Webhooks

Webhook guide

With Webhook, your web application gets notified automatically by Telegram when new updates arrive for your bot.

Your application will receive HTTP POST requests with an Update structure in the body, using specific JSON serialization settings Telegram.Bot.JsonBotAPI.Options.

Below, you will find how to configure an ASP.NET Core Web API project to make it work with Telegram.Bot, either with Controllers or Minimal APIs

⚠️ IMPORTANT: This guide describes configuration for versions 21.* and later of the library (based on System.Text.Json rather than NewtonsoftJson). If you're using older versions, you should upgrade first!

ASP.NET Core with Controllers (MVC)

ASP.NET example with Controllers

First you need to configure your Web App startup code:

  • Locate the line services.AddControllers(); (in Program.cs or Startup.cs)
  • If you're using .NET 6.0 or more recent, add the line:
    services.ConfigureTelegramBotMvc();
    
  • For older .NET versions, add the line:
    services.ConfigureTelegramBot<Microsoft.AspNetCore.Mvc.JsonOptions>(opt => opt.JsonSerializerOptions);
    

Next, in a controller class (like BotController.cs), you need to add an action for the updates. Typically:

[HttpPost]
public async Task HandleUpdate([FromBody] Update update)
{
    // put your code to handle one Update here.
}

Good, now skip to SetWebHook below

ASP.NET Core with Minimal APIs

ASP.NET example with Minimal APIs

First you need to configure your Web App startup code:

  • Locate the line builder.Build(); (in Program.cs)
  • Above it, insert the line:
    builder.Services.ConfigureTelegramBot<Microsoft.AspNetCore.Http.Json.JsonOptions>(opt => opt.SerializerOptions);
    

Next, you need to map an action for the updates.

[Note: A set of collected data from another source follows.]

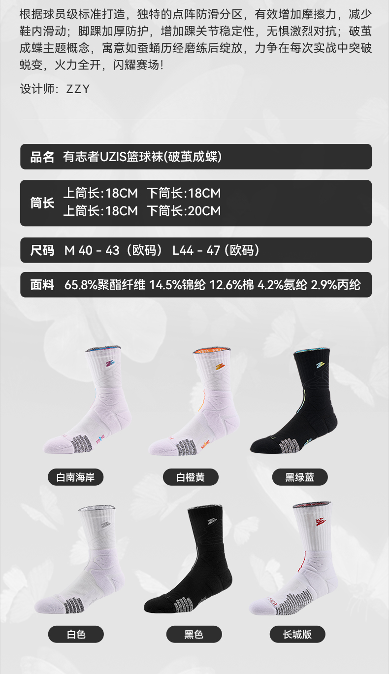 有志者UZIS专业防滑篮球袜男实战训练长筒加厚美式精英袜破茧成蝶
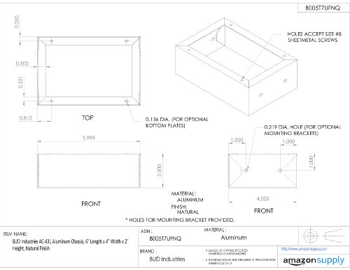 BUD Industries AC-431 Aluminum Chassis, 6" Length x 4" Width x 2" Height, Natural Finish
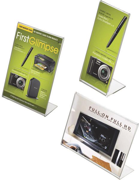 High resistant transparent clear document holders. Angled back to aid reading. Ideal for the display of menus at the restaurant, price lists, etc.
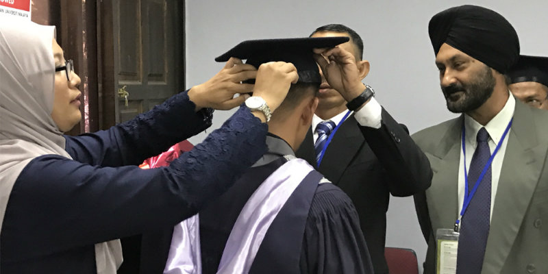 Banduan yang berusia 30 tahun itu dengan seorang lagi banduan dari Penjara Kajang menerima Ijazah Sarjana dalam bidang yang sama pada majlis Konvokesyen Open University Malaysia (OUM) kali ke-20 yang berlangsung di Dewan Canselor Universiti Malaya. Majlis konvenkesyen mereka turut diiringi oleh pegawai dari penjara dan Kementerian Dalam Negeri.
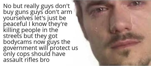 Cops shouldn’t have assault rifles either, they’re not the military. I find the second amendment so fucking dumb. It’s to rise up against a tyrannical government. But since you have it, precisely now is the time to use it. Helloooow? Why don’t you use it? You have a tyrannical government full of pedophiles. All those decades full of innocent deaths, all so you can keep your precious second amendment, just in case you reach a point you are in now. Well, go ahaid then, prove all those deaths were worth it. Bunch of self-centered uneducated hypocrites.
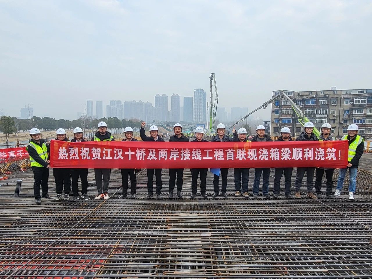 1月31日,歷經(jīng)25個(gè)小時(shí),江漢十橋全線首聯(lián)現(xiàn)澆箱梁混凝土澆筑完成,標(biāo)志著項(xiàng)目正式啟動(dòng)上部結(jié)構(gòu)施工,為后續(xù)現(xiàn)澆梁澆筑積累了寶貴的經(jīng)驗(yàn),為實(shí)現(xiàn)項(xiàng)目總工期目標(biāo)奠定堅(jiān)實(shí)基礎(chǔ)。

Typically:

app.MapPost("/bot", (Update update) => HandleUpdate(update));
...

async Task HandleUpdate(Update update)
{
    // put your code to handle one Update here.
}

Good, now skip to SetWebHook below

Old ASP.NET 4.x support

For older .NET Framework usage, you may use the following code:

public async Task<IHttpActionResult> Post()
{
    Update update;
    using (var body = await Request.Content.ReadAsStreamAsync())
        update = System.Text.Json.JsonSerializer.Deserialize<Update>(body, JsonBotAPI.Options);
    await HandleUpdate(update);
    return Ok();
}

SetWebHook

Your update handler code is ready, now you need to instruct Telegram to send updates to your URL, by running:

var bot = new TelegramBotClient("YOUR_BOT_TOKEN");
await bot.SetWebhook("https://your.public.host:port/bot", allowedUpdates: []);

You can now deploy your app to your webapp host machine.

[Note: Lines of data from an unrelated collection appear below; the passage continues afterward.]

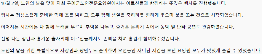 [구례군노인전문요양원] 25년 노인의 날 행사 페이지 정보 작성자 보문복지회 작성일25-10-02 12:07 조회22회 댓글0건 본문 댓글목록 등록된 댓글이 없습니다. 이전글 다음글 목록
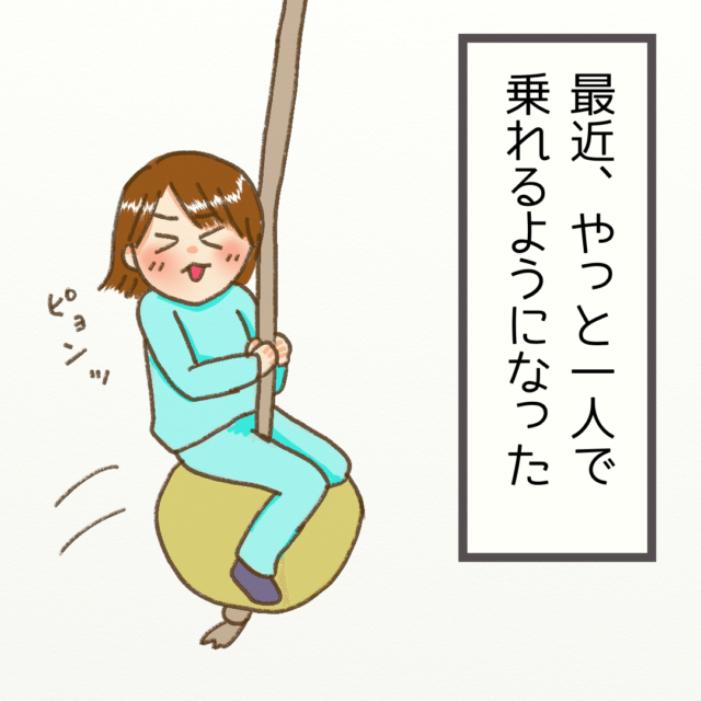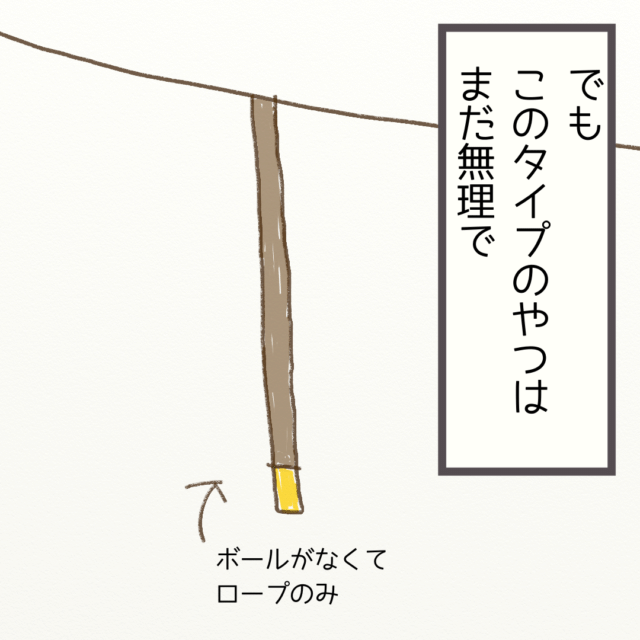 ターザンロープがある公園に行ったら必ず遊ぶ長女ですが、ボールがついていないタイプの物に関してはまだ1人で乗れません。
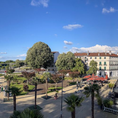 2ème étage, porte d'entrée fer forgé vert donnant sur le cours de Verdun, face au Splendid

Note: If you decide to switch back to Long Polling, remember to call bot.DeleteWebhook()

Common issues

  • You need a supported certificate
    If your host doesn't provide one, or you want to develop on your own machine, consider using ngrok:
    See this useful step-by-step guide
  • You must use HTTPS (TLS 1.2+), IPv4, and ports 443, 80, 88, or 8443
  • The Official webhook guide gives a lot of details
  • If your update handler throws an exception or takes too much time to return, Telegram will consider it a temporary failure and will RESEND the same update a bit later.
    You may want to prevent handling the same update.Id twice:
    if (update.Id <= LastUpdateId) return;
    LastUpdateId = update.Id;
    // your code to handle the Update here.
    
  • Most web hostings will recycle your app after some HTTP inactivity (= stop your app and restart it on the next HTTP request)
    To prevent issues with this:
    • Search for an Always-On option with your host (usually not free)
    • Make sure your web app can be safely stopped (saved state) and restarted later (reloading state)
    • Make sure you don't have critical background code that needs to keep running at all time
    • Have a service like cron-job.org ping your webapp every 5 minutes to keep it active. (host will likely still recycle your app after a few days)
    • Host your app on a VPS machine rather than a webapp host.